▶ [Supplied data]
━━━━━━━━━━━━━━━━

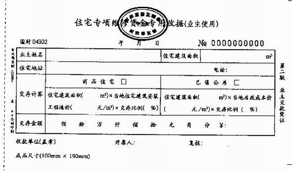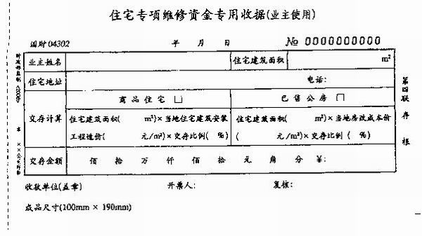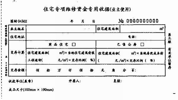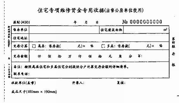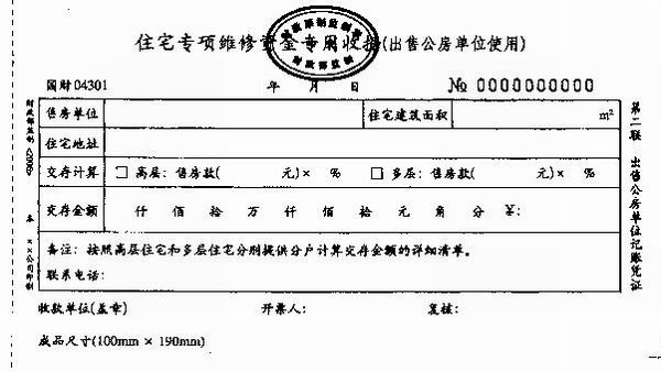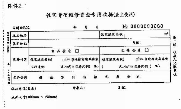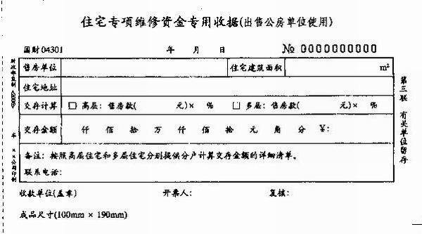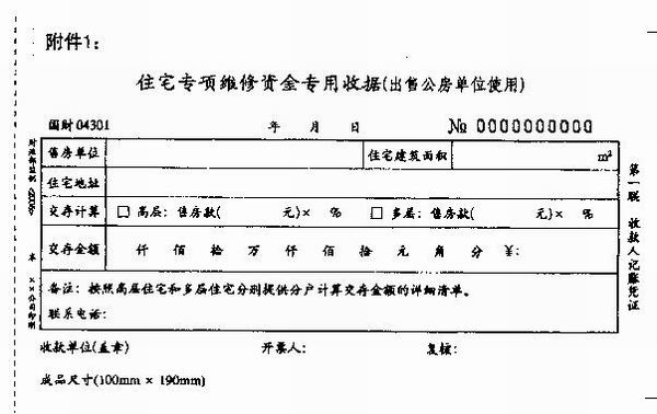 财政部关于发布住宅专项维修资金 专用票据样式的通知 各省、自治区、直辖市财政厅(局): 根据《住宅专项维修资金管理办法》(建设部、财政部令第165号)规定,现将有关票据使用事宜通知如下: 为了加强对住宅专项维修资金的管理,规范住宅专项维修资金专用票据的使用,从2008年3月1日起,各专户管理银行、代收住宅专项维修资金的售房单位在收取住宅专项维修资金时,应使用财政部或省、自治区、直辖市财政厅(局)统一印制的住宅专项维修资金专用收据(出售公房单位使用)(附件1)或住宅专项维修资金专用收据(业主使用)(附件2)。各财政票据监管部门应做好上述票据印制、发放等管理工作。 附件:1.住宅专项维修资金专用收据(出售公房单位使用) 2.住宅专项维修资金专用收据(业主使用) 中华人民共和国财政部 二○○八年一月十四日 主题词:住宅 资金 票据 通知 抄送:党中央有关部门,国务院各部委、各直属机构,总后勤部、武警总部,全国人大常委会办公厅,全国政协办公厅,高法院,高检院,有关人民团体。 财政部办公厅 印发160份 2008年1月16日印发
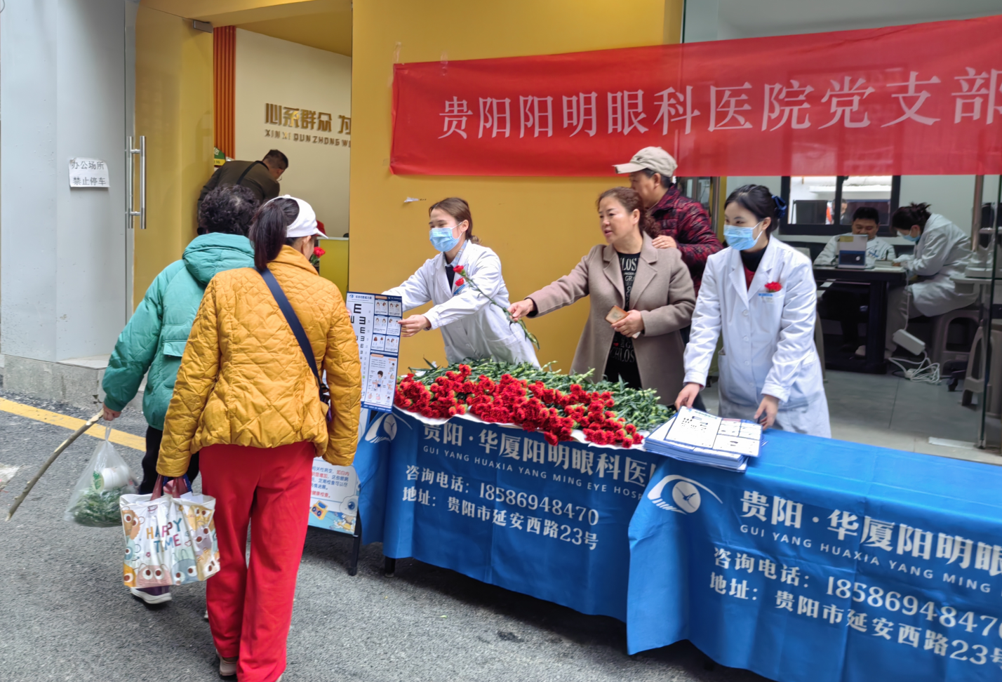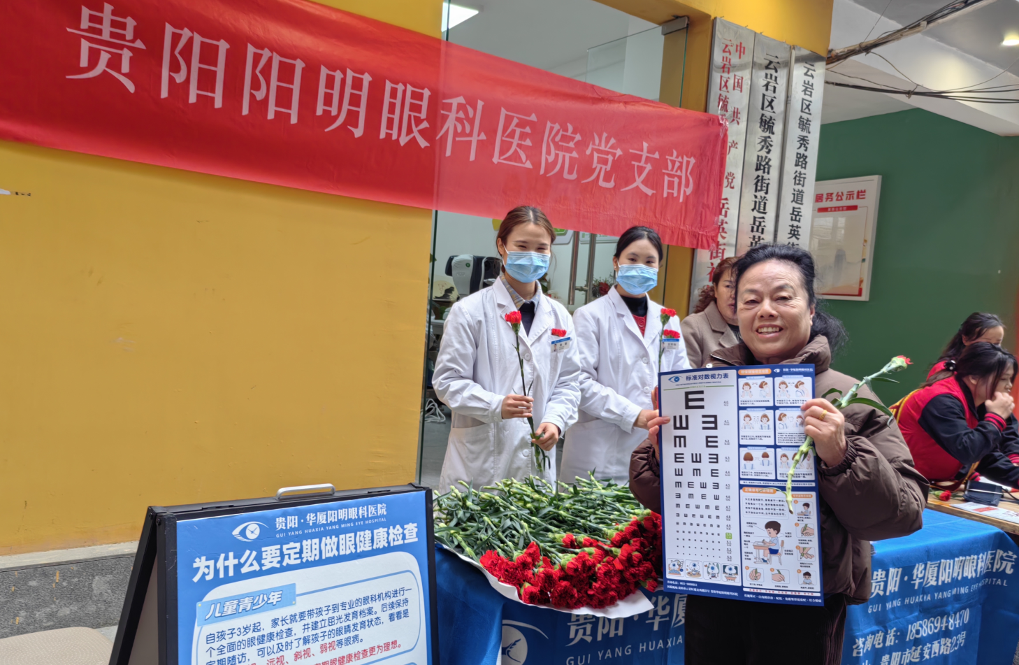 为弘扬雷锋精神,普及爱眼护眼知识,把专业医疗服务送到居民家门口,3 月 6 日下午,岳英街社区携手贵阳华厦阳明眼科医院开展 “明亮视界・健康同行” 公益义诊活动,为辖区居民送上眼健康关怀,同时向女性同胞致以“三八”国际妇女节的美好祝福,让暖心服务与芬芳花香萦绕社区。
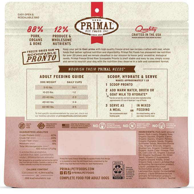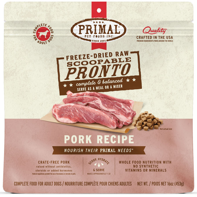 Primal Freeze-Dried Raw Pronto Dog Food makes it easy to serve your pup a raw diet! It provides all of the benefits of a raw diet in a shelf-stable, convenient format. All you have to do is serve, hydrate, and give to your dog to enjoy!
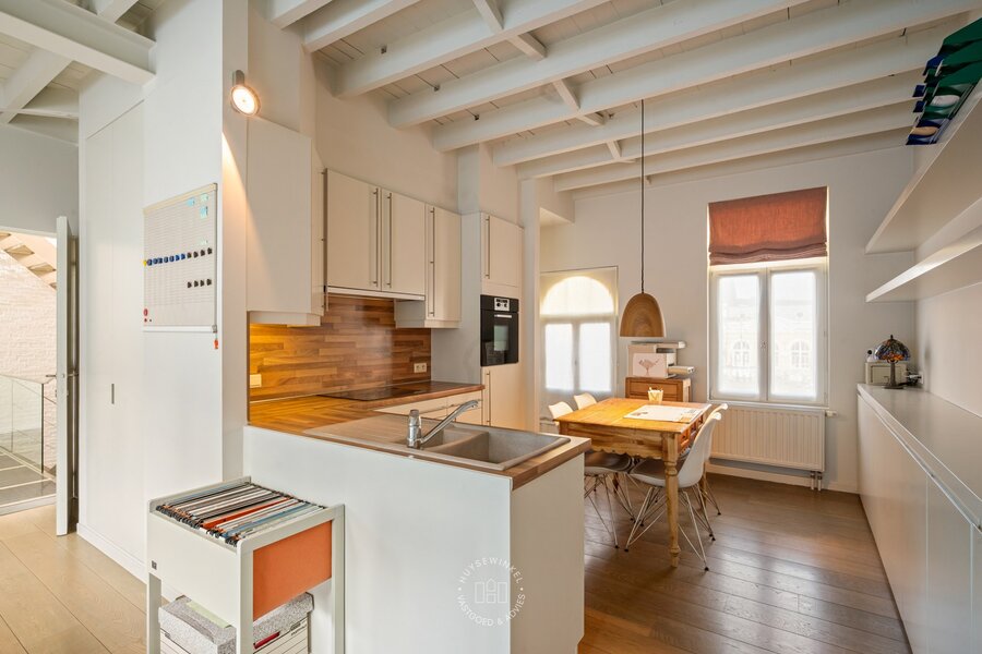 Verder beschikt de woning over een afzonderlijke duplex woonentiteit met eigen leefruimte, keuken, slaapkamer, badkamer en privéterras. Deze zelfstandige ruimte leent zich uitstekend voor kangoeroewonen, een praktijk aan huis, het ontvangen van gasten in alle privacy of nog twee bijkomende slaapkamers.
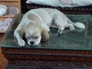 テーブルの上で気持ち良いのだろうが、いけないよー・・・
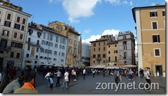 Vemos el Mausoleo Augusto y nos desviamos hasta la Vía del Corso, que debe ser algo así como nuestra Gran Vía, por la impresionante cantidad de gente que hay, pareciera que hay una fiesta o similar. Por fin llegamos a la Piazza y nos sentamos un rato a descansar y escuchar de paso a un chaval haciendo música de percusión con cubos, sartenes, platillos y otros adminículos… Un crack el tío, menudo ritmo, parecía la Maxima FM, dan ganas de ponerse a bailar jajajaj

━━━━━━━━━━━━━━━━

▶ [Exercise objective] When you reach the line that has "为弘扬雷锋精神,普及爱眼护眼知识,把专业医疗服务送到居民家门口,3 月 6" in the data above, start repeating lines exactly, and stop after the line that has "テーブルの上で気持ち良いのだろうが、いけないよー・・・"; pictures stay out.

▶ [Response to this task]
 为弘扬雷锋精神,普及爱眼护眼知识,把专业医疗服务送到居民家门口,3 月 6 日下午,岳英街社区携手贵阳华厦阳明眼科医院开展 “明亮视界・健康同行” 公益义诊活动,为辖区居民送上眼健康关怀,同时向女性同胞致以“三八”国际妇女节的美好祝福,让暖心服务与芬芳花香萦绕社区。
 Primal Freeze-Dried Raw Pronto Dog Food makes it easy to serve your pup a raw diet! It provides all of the benefits of a raw diet in a shelf-stable, convenient format. All you have to do is serve, hydrate, and give to your dog to enjoy!
 Verder beschikt de woning over een afzonderlijke duplex woonentiteit met eigen leefruimte, keuken, slaapkamer, badkamer en privéterras. Deze zelfstandige ruimte leent zich uitstekend voor kangoeroewonen, een praktijk aan huis, het ontvangen van gasten in alle privacy of nog twee bijkomende slaapkamers.
 テーブルの上で気持ち良いのだろうが、いけないよー・・・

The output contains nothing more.